Internal documentation for Google's Content Warehouse API has leaked, revealing insights into Google's search algorithms. The leak includes details about data storage for content, links, and user interactions, but lacks specifics on scoring functions.
Key Points
Ranking Systems and Features: The documentation outlines 2,596 modules with 14,014 attributes related to various Google services like YouTube, Assistant, and web documents. These modules are part of a monolithic repository, meaning all code is stored in one place and accessible by any machine on the network.
Google's Misleading Statements:
- Domain Authority: Despite Google's claims, the documentation reveals a feature called "siteAuthority," indicating Google does measure sitewide authority.

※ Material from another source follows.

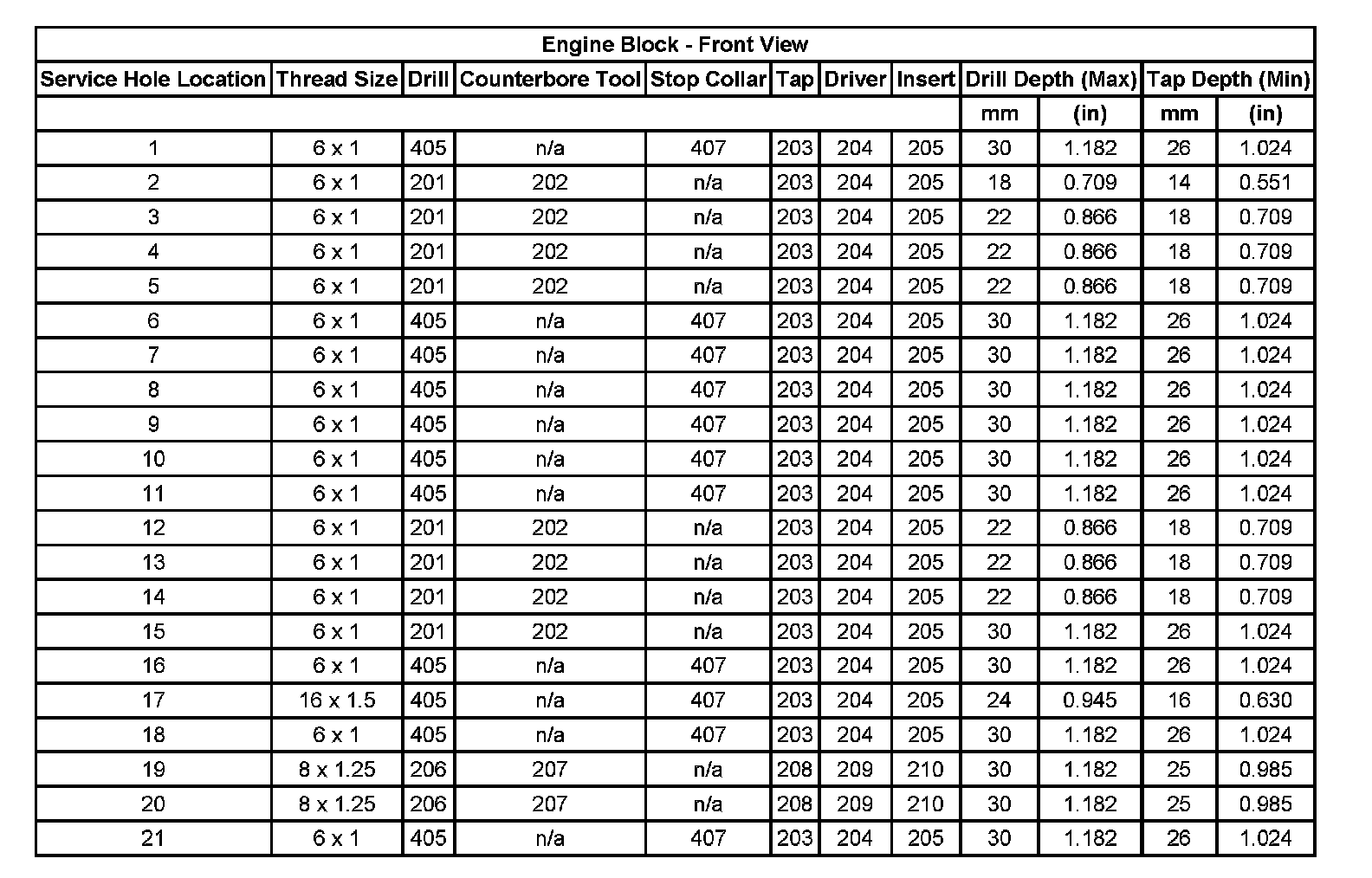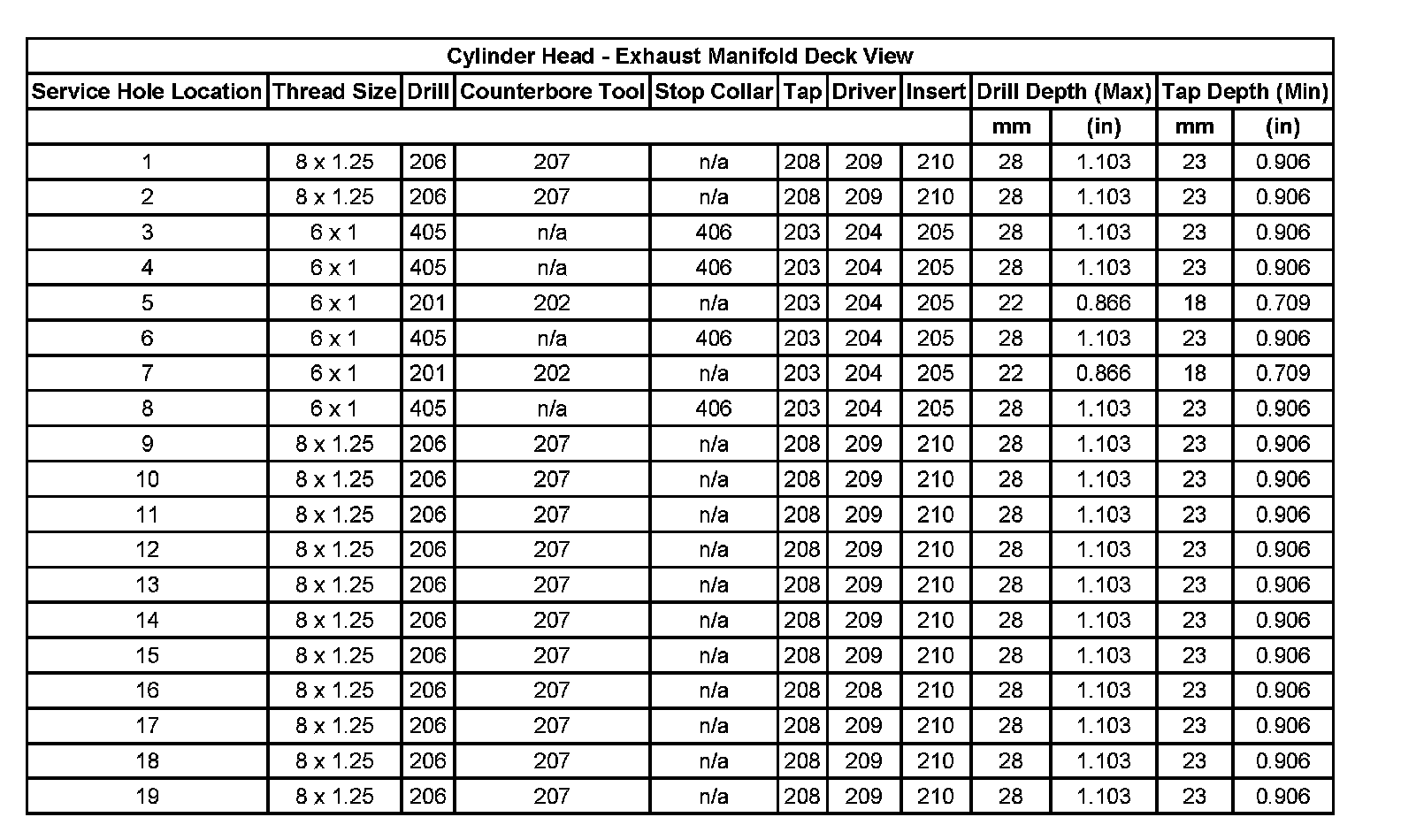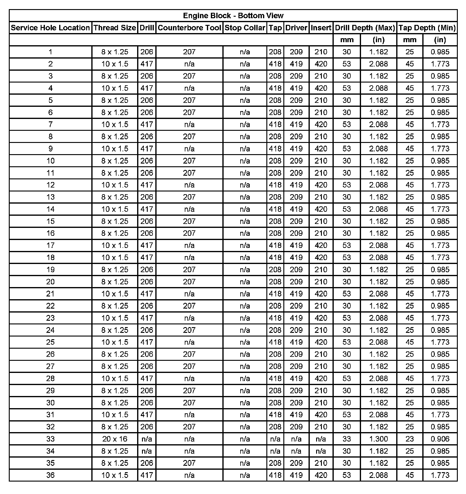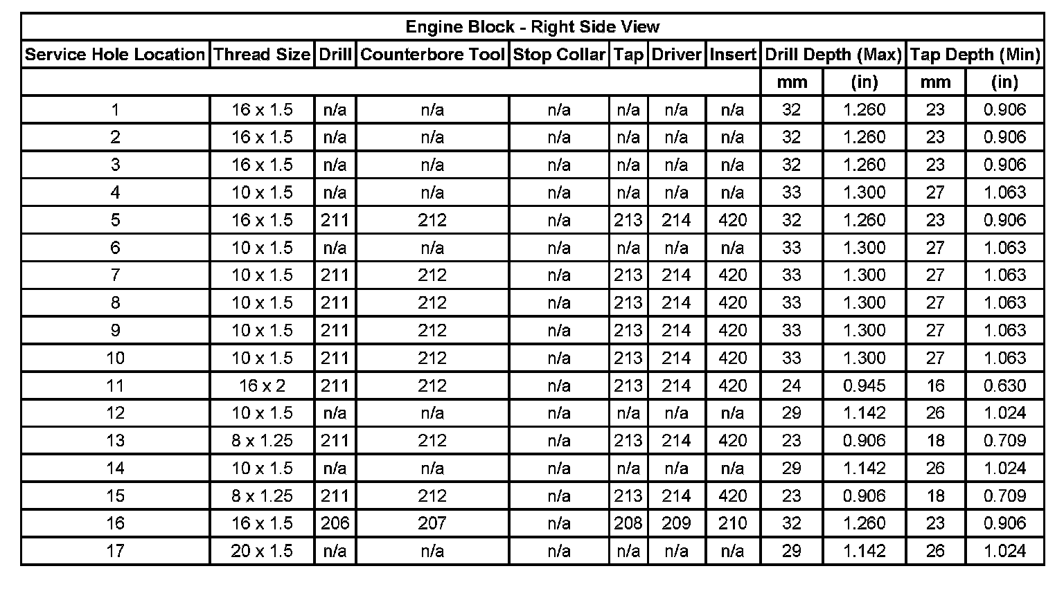 Thread Repair Specifications

- Clicks for Rankings: Contrary to Google's public denials, systems like NavBoost use click data to influence rankings.
- Sandbox: Documentation mentions a "hostAge" attribute used to sandbox new sites, contradicting Google's denial of a sandbox.

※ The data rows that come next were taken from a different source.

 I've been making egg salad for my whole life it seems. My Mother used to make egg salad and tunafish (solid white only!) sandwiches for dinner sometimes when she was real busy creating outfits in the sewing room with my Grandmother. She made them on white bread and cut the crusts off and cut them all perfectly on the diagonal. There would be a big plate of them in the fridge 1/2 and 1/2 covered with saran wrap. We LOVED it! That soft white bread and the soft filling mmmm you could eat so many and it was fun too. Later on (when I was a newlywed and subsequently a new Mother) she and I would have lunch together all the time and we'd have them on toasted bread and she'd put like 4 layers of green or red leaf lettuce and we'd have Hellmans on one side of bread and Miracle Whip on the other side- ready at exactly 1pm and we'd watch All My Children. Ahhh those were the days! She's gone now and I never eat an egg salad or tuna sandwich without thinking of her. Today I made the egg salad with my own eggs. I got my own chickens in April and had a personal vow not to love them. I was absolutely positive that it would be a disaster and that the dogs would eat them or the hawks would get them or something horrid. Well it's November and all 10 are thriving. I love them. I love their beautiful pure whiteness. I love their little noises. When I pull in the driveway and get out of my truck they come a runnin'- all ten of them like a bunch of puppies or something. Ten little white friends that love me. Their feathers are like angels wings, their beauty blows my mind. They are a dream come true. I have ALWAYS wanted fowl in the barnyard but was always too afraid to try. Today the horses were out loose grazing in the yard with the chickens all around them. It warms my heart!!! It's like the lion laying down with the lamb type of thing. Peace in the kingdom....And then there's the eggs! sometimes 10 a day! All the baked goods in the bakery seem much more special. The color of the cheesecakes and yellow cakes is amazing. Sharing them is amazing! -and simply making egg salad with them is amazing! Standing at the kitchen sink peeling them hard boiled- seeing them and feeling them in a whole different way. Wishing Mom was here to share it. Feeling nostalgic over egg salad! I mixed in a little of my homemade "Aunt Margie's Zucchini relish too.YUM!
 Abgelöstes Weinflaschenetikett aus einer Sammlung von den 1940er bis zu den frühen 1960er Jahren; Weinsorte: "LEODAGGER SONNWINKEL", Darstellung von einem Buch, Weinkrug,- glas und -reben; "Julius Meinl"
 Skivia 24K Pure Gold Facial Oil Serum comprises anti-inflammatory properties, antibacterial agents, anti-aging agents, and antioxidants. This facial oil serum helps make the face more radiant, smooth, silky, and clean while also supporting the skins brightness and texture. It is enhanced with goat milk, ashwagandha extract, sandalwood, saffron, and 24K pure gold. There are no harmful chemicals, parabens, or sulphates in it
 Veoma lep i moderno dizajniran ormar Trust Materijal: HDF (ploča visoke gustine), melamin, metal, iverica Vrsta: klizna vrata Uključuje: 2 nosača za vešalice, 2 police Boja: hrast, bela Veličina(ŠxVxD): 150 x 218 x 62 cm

- Chrome Data: Despite denials, the documentation shows that Chrome data is used in ranking algorithms.
Architecture: Google's ranking system is a series of microservices rather than a single algorithm. Key systems include Trawler (crawling), Alexandria (indexing), Mustang (ranking), and SuperRoot (query processing).
Twiddlers: These are re-ranking functions that adjust search results before they are presented to users. Examples include NavBoost, QualityBoost, and RealTimeBoost.
SEO Implications:
- Panda Algorithm: Panda uses a scoring modifier based on user behavior and external links, applied at various levels (domain, subdomain, subdirectory).

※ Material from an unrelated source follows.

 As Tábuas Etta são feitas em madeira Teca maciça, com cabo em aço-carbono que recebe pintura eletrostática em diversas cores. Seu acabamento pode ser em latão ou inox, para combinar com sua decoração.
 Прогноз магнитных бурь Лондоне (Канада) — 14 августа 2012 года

- Authors: Google explicitly stores author information, indicating the importance of authorship in rankings.
- Demotions: Various demotions are applied, including for anchor mismatch, SERP dissatisfaction, and exact match domains.
- Links: Links remain important, with metrics like sourceType indicating the value of links based on where a page is indexed.
- Content: Google measures the originality of short content and counts tokens, reinforcing the importance of placing key content early.
Open Questions: The author speculates on whether the Helpful Content Update is related to "Baby Panda" and what NSR (Neural Semantic Retrieval) might mean.
Strategic Advice: The author advises creating great content, promoting it well, and continuing to experiment and test SEO strategies.
The leak validates many long-held SEO beliefs and provides a clearer picture of Google's ranking mechanisms, emphasizing the importance of quality content, user engagement, and strategic link building.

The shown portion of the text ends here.